I explained how palliative is not the same as hospice, and how it’s a specialty unto itself, just like cardiology or neurology, and work together and alongside those teams to give the best possible care to their patients. I also went on about our palliative care team, as I had interned with them, and that they are some of the most compassionate and caring medical professionals I know. (And they are all that and more.)

She didn’t say much. But she didn’t cut the conversation short, either. Just nodded and listened. I may not know if they choose to take advantage of our palliative care team, but I feel good that I at least got the vibe from her that she *was* listening. And considering.

And she thanked me. She didn’t have to. She didn’t need to. But I hope that I made a difference for him and his wife last night.

Feeling Broken

It’s been awhile since I posted, and so much has happened in that time. I passed state boards, and began my first job as a registered nurse at a local hospital. I was hired part time, but I didn’t realize that my 12 week long orientation would be full time.
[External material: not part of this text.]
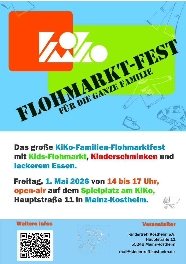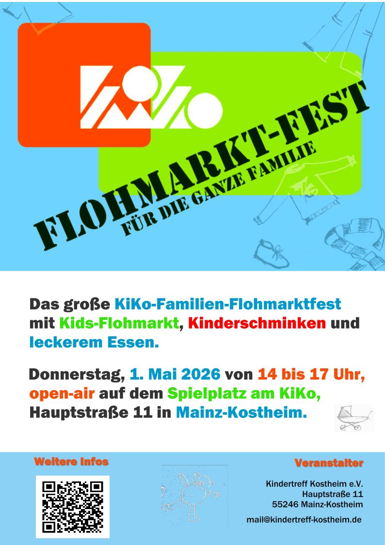 Am 1. Mai von 14-17 Uhr planen wir wie immer unser Flohmarktfest für die ganze Familie. Eltern können in Ruhe nach Schnäppchen stöbern oder Freunde treffen. Kinder können sich währenddessen fantasievoll schminken lassen oder auf Decken ihre eigenen Spielsachen verkaufen. Leckere Kuchen, gegrillte Würstchen und süße Kleinigkeiten warten auf euch! Der Aufbau für alle Standbetreiber beginnt um 13 Uhr.

Now, I feel as if my body is falling it apart from the demands I’ve placed on it.

I hurt. All over. All the time. When I was in nursing school, I would have bad flares, but usually I was able to get through the day, both a class day and a clinical day, with a little Alleve and I’d recover in a day or two, at most three. Now, I can’t shake the pain. I wake up in pain, I go to sleep in pain, and while I make it through my work day with NSAIDs and adrenaline, I haven’t been able to recover, because before I know it, I have another 12 hour shift upon me.

And so the pain has slowly been building. I’ve been drawing on my reserves to get through orientation and now I have a debt to pay back. And I’m not sure how or when I will be able to pay that back. I need a plan, and I don’t even have that.

All I do have is a date. I get off orientation this Sunday, October 8, and then I finally move to part time, which is two 12 hour overnight (7pm-7am) shifts a week. I’m hoping that I can slowly repay the energy and pain debt I’ve accumulated, maybe with the help of more regular Epsom salt baths. But ultimately, I may need to make an appointment with my LLMD to see what she recommends to manage the pain more completely.

In the meantime, I’m open to ideas.

Nursing is the second hardest job I’ve ever had. The first was motherhood. And both can be incredibly frustrating, and incredibly rewarding.

Yesterday was my third shift of my week, and I found myself getting frustrated because I was so far behind in my duties, and my confused patient would close her mouth every time I approached her lips with the spoonful of applesauce that held her crushed medications.

And then something stopped me. And I put the applesauce down, and I stroked her hair. And I spoke softly to her, and I held her hand, and even though her eyes were closed I felt her squeeze my hand back and her grimace soften ever so slightly.

My preceptor had entered the room without me noticing, and watched this interaction, and commented on it. “You’re very sweet.” Or maybe it was, “you’re very kind.” It really doesn’t matter.

I was thinking about this today and realized I do this partly because I lost my own grandmother in 2013, and mostly due to illness that prevented me from travelling, I wasn’t able to spend much time with her in her last years.

So in that moment yesterday when I put the applesauce down, and ran my fingers through her hair, I remembered that woman is somebody’s grandmother, somebody’s family.

I’m learning that tasks don’t always get done on time, that meds will sometimes be late, and charting may not get done until very late into my shift. But what I need to remember is why I love nursing: the potential connection you can make with a person who is vulnerable… and using that connection to heal more than just the physical body.